Exemple d’Actes d’un colloque de 1984 sur l’histoire de la sécurité sociale. Source, Gallica.

Un rite de passage

De plus, ces moments sont aussi l’occasion pour les professionnels de se retrouver et de confronter leurs idées, mais également d’échanger de manière plus large et de se donner des pistes. C’est ainsi que j’ai été aiguillé vers des archives que je ne connaissais pas, en 2016 à Arlon, et qui ont été primordiales dans mon doctorat. Plus largement, le métier d’historien étant très solitaire pour ce qui concerne les recherches en archives, exposer ses trouvailles et en discuter permet de vaincre en partie la solitude et de rencontrer ses collègues souvent géographiquement très dispersés autour de thématiques communes. Bien des liens intellectuels et professionnels se nouent pendant les échanges formels comme informels, même à l’heure du numérique. Il y a aussi un côté « rite de passage » certain. Plus d’un doctorant comme d’un chercheur confirmé pourrait commenter ce billet en témoignant de sa première intervention devant ses pairs et futurs pairs, moments de joie comme de trac, où se mêlent la fierté de défendre ses travaux et théories et la crainte des questions difficiles de l’assistance !

Finalement, il y va du colloque comme du reste. À chaque historien de sélectionner ceux qui lui semblent pertinents, tant dans le contenu que dans les suites à donner, tout en sachant que, tôt ou tard, communiquer ses recherches est une étape obligée, à la fois pour progresser par la critique, mais aussi pour les rendre accessibles. Par la suite, bien des informations données dans ces manifestations qui restent pleinement utiles se retrouvent dans des articles spécialisés, ainsi que des ouvrages plus généraux.

Références

(1) Jacques LE GOFF, « Une maladie scientifique : la colloquite », dans AIAC News.
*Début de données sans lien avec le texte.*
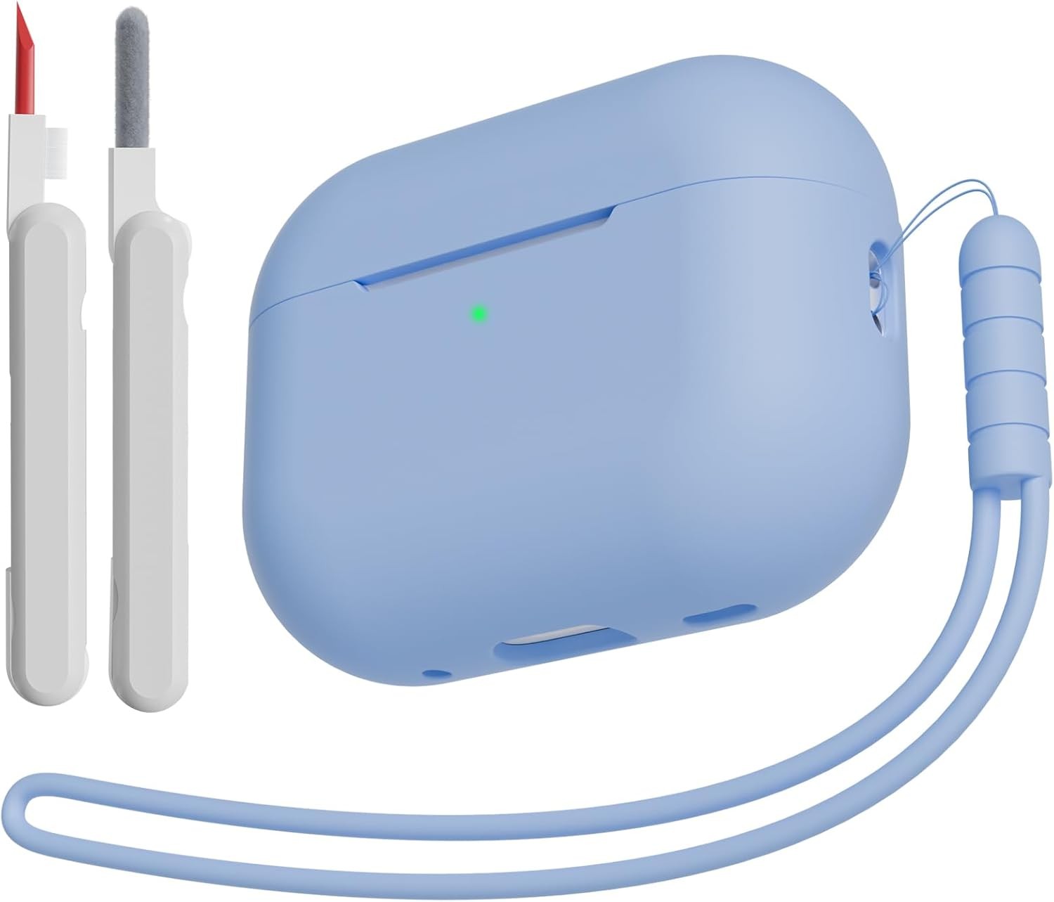 KOKOKA Case Cover Compatible for AirPods Pro 2 (2023/2022/2019) with Cleaner Kit and Lanyard, Soft Silicone Shock Absorbing Protective Case for AirPods Pro 2nd/1st Generation, Gray Blue

Bollettino informativo dell’Associazione Internazionale di Archeologia Classica (n° 2, Settembre 1994) et Sciences de l’Homme et de la Société. Lettre du département SHS du CNRS, 32, décembre 1993.

(2) Christophe CHARLE, « L’organisation de la recherche en sciences sociales en France depuis 1945 : bref bilan historique et critique. L’organisation de la recherche en France », Revue d’histoire moderne & contemporaine, vol. 55-4, no. 5, 2008, p. 80-97.